Goal of the exercise: Pictures appear among the records below and must be omitted. Repeat exactly the lines from the line with "ASOS DESIGN wedding" to the line with "此外,当天还同步启动了长11", both included.

Input material:
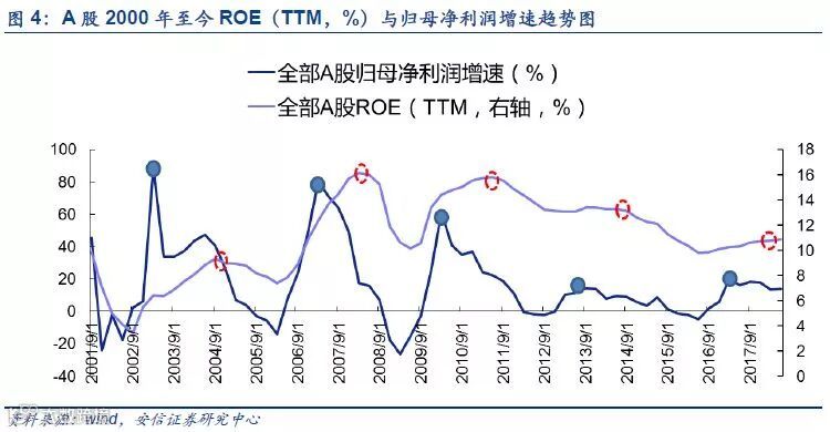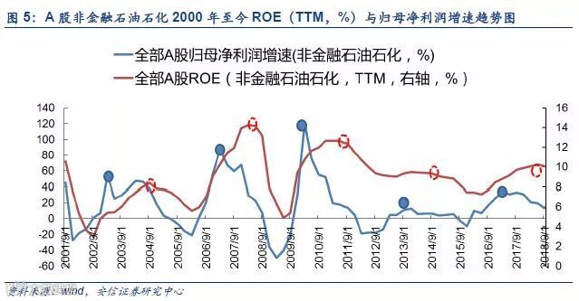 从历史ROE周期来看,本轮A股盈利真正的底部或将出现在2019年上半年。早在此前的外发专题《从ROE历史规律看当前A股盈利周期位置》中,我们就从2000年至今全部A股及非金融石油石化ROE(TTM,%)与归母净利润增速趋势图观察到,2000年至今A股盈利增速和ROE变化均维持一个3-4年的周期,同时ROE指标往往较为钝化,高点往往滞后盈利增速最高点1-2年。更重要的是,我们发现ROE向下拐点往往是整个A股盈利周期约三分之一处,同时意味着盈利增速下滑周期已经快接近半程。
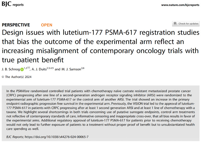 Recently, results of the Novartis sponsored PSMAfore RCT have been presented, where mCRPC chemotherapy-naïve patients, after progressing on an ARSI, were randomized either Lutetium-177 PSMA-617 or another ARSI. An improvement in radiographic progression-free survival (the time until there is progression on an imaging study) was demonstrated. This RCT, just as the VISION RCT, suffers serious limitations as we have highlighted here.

---

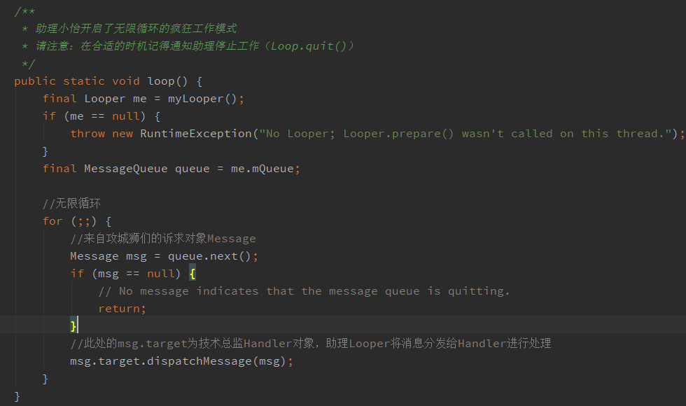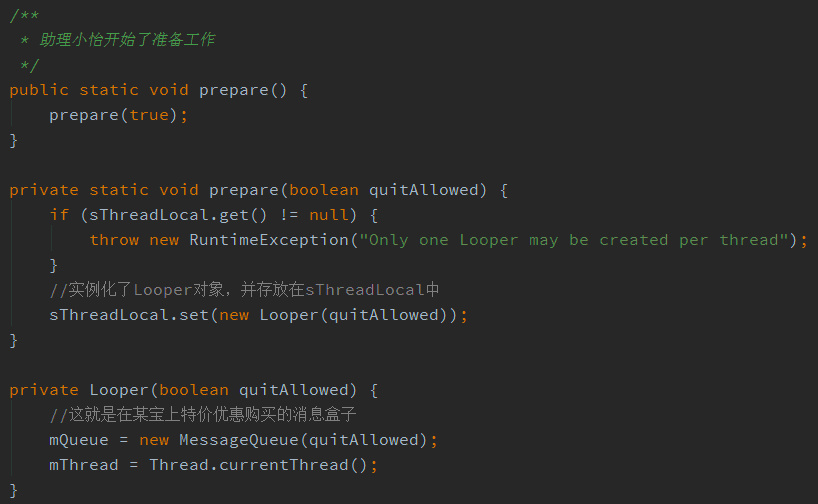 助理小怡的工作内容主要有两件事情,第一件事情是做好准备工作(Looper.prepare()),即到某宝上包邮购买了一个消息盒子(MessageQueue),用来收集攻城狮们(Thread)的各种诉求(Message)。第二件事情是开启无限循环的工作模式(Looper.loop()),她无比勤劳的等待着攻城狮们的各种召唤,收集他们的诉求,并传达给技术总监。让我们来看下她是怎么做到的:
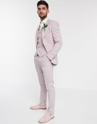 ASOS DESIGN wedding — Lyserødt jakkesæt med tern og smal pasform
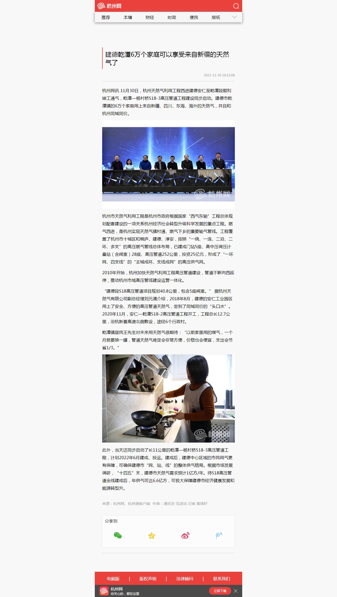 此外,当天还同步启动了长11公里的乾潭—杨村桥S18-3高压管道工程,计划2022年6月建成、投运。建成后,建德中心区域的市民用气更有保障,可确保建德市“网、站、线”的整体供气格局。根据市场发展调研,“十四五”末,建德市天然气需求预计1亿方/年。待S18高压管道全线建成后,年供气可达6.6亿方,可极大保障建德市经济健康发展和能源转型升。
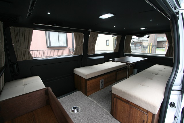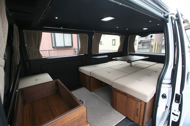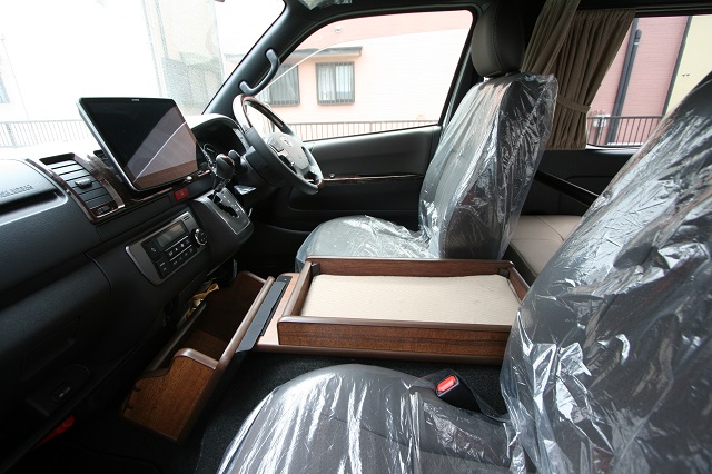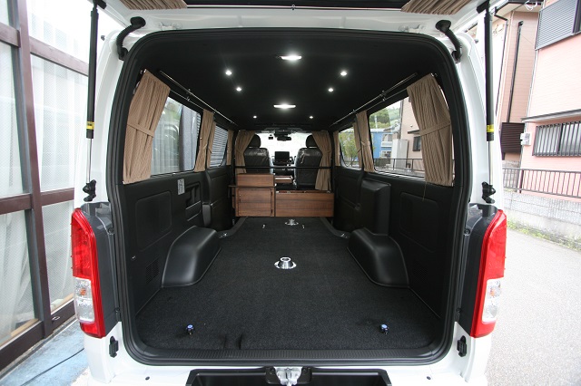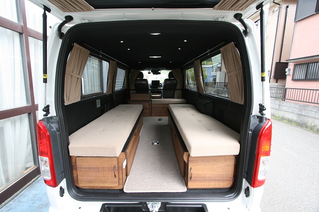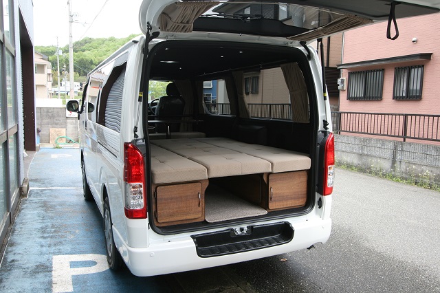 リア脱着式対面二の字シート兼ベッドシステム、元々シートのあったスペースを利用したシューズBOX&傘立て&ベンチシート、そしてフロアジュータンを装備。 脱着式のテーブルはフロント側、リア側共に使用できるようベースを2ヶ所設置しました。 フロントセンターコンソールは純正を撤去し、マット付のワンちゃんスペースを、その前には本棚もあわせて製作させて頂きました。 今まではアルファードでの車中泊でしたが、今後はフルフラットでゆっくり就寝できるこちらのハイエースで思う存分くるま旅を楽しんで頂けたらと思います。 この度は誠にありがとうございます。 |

--

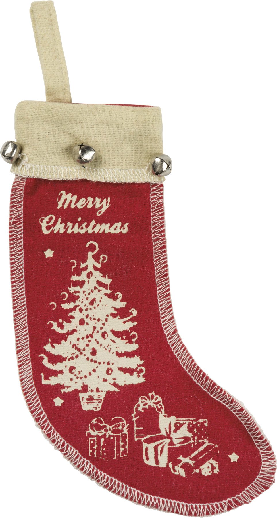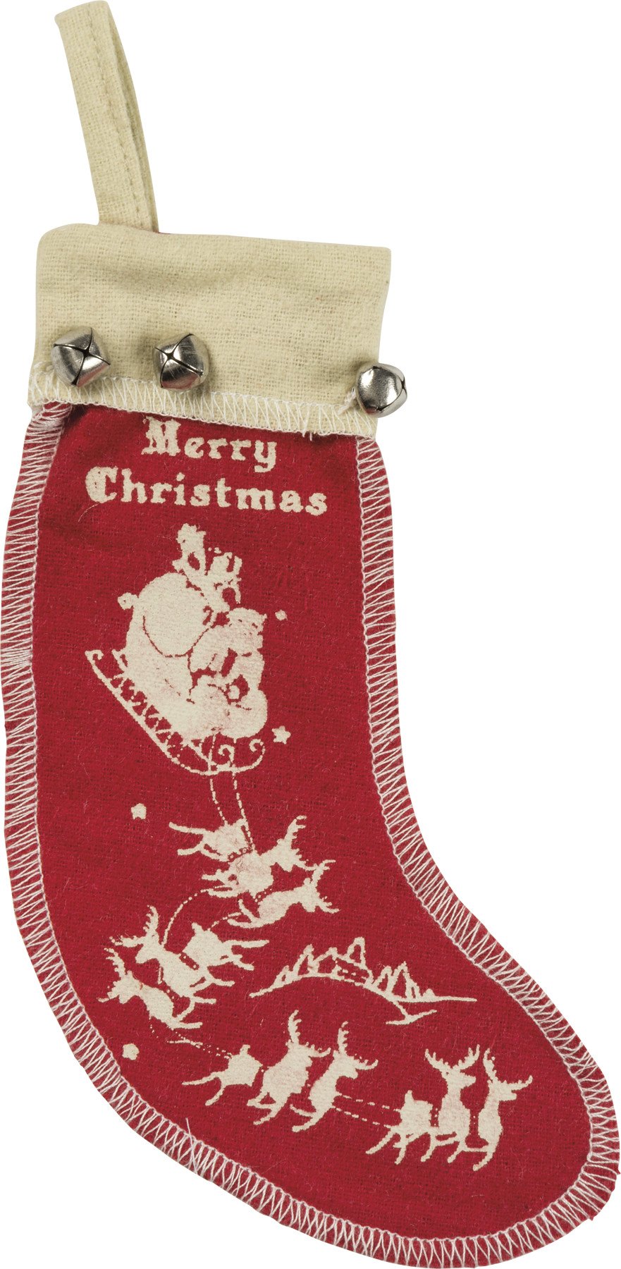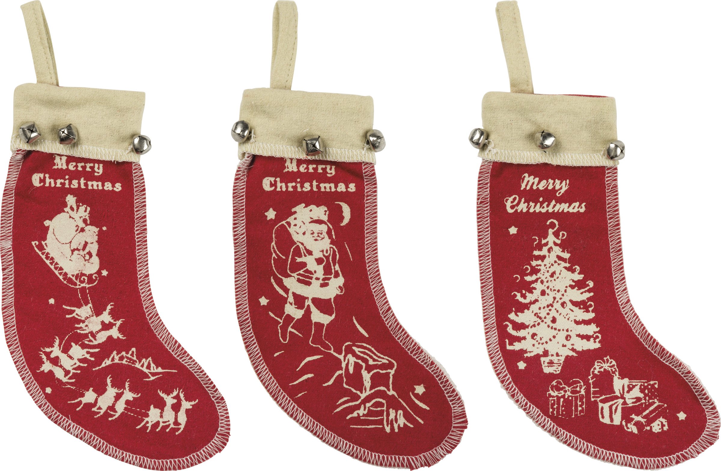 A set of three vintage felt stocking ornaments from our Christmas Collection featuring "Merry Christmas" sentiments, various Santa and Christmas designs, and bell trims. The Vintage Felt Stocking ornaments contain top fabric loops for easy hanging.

Your response:
 ASOS DESIGN wedding — Lyserødt jakkesæt med tern og smal pasform
 此外,当天还同步启动了长11公里的乾潭—杨村桥S18-3高压管道工程,计划2022年6月建成、投运。建成后,建德中心区域的市民用气更有保障,可确保建德市“网、站、线”的整体供气格局。根据市场发展调研,“十四五”末,建德市天然气需求预计1亿方/年。待S18高压管道全线建成后,年供气可达6.6亿方,可极大保障建德市经济健康发展和能源转型升。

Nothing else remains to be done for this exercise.